Water treaty between #Mexico and U.S. faces biggest test in 80 years — National Public Radio #RioGrande #ColoradoRiver #COriver #aridification

Rio Grande in Albuquerque, Aug. 4, 2023. Photo by John Fleck

Click the link to read the article on the National Public Radio website (Bria Suggs). Here’s an excerpt:

August 16, 2024

Eighty years ago, the United States and Mexico worked out an arrangement to share water from the two major rivers that run through both countries: the Rio Grande and the Colorado. The treaty was created when water wasn’t as scarce as it is now. Water from Mexico flows to Texas’ half-billion-dollar citrus industry and dozens of cities near the border. On the Mexican side, some border states like Baja California and Chihuahua are heavily reliant on the water that comes from the American side of the Colorado River.

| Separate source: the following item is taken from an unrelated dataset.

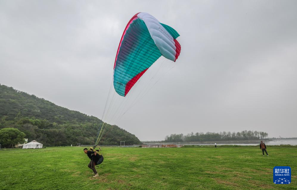 4月15日,滑翔伞运动爱好者在大尖山滑翔伞运动基地训练。海宁市黄湾镇大尖山滑翔伞运动基地依托大尖山景区得天独厚的自然条件,每年滑翔伞可飞天数达200天。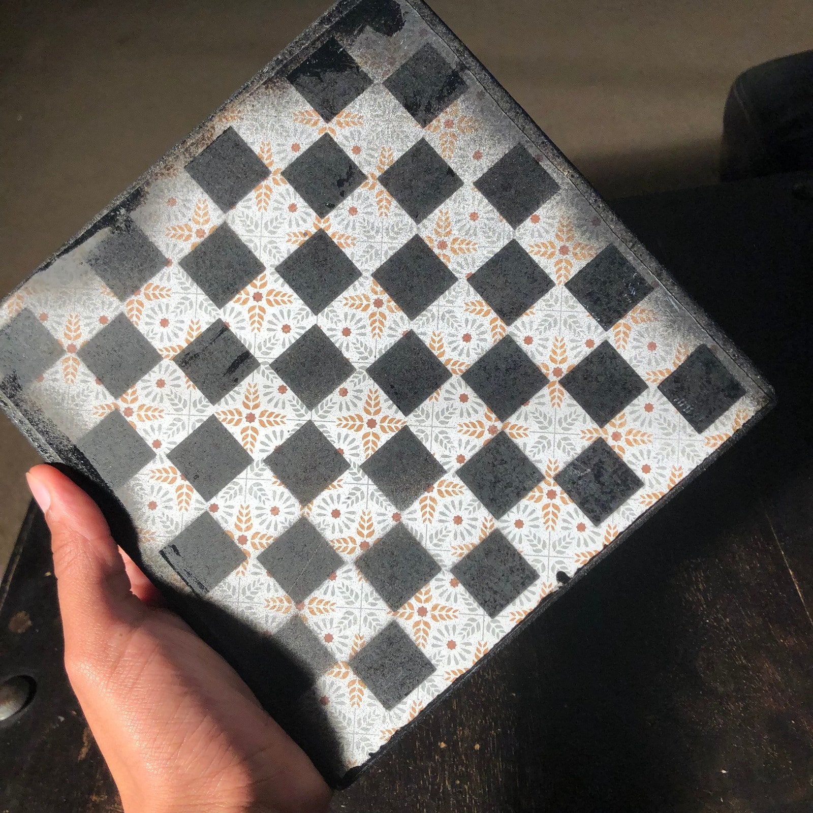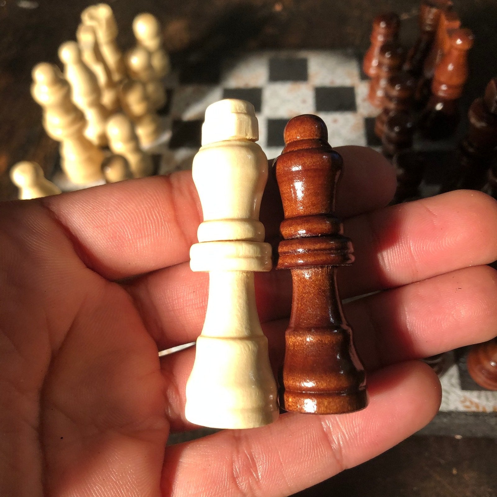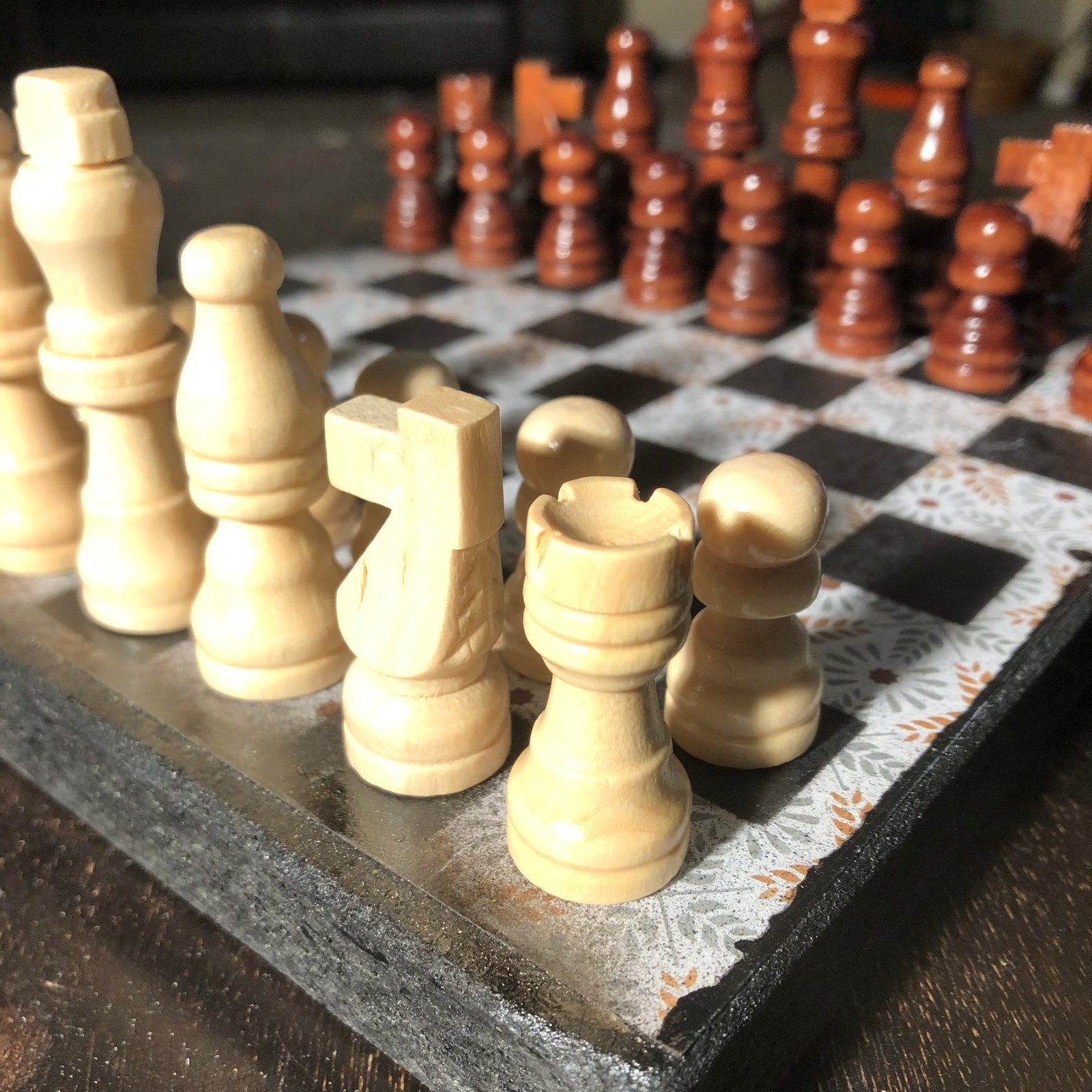 Introducing our exclusive Handcrafted Wooden Chess Set, meticulously designed with precision and care. Measuring 8 inches by 8 inches, this chess set features a beautifully painted particle board layered with a sheet of scrapbook paper board that doubles as a work of art. Each set is a unique, one-of-a-kind creation, crafted by hand to ensure that no two sets are alike. Elevate your gaming experience with this exceptional chess set that combines vibrant design with the touch of artisan craftsmanship. This chess board comes with chess pieces and is handcrafted as a one of one

Now, those water-sharing systems are facing one of the biggest tests in their history. Mexico is some 265 billion gallons of water behind on its deliveries to the United States. Unpredictable weather patterns due to climate change, growing populations, aging infrastructure and significant water waste have left both countries strapped for water and have escalated tensions along the border. Maria-Elena Giner is the U.S. commissioner of the International Boundary and Water Commission, the binational agency that oversees the 1944 water treaty and settles disputes. Mexico is “at their lowest levels ever” in the treaty’s history, Giner said. The treaty operates in five-year cycles, and the current deadline for deliveries isn’t until October 2025.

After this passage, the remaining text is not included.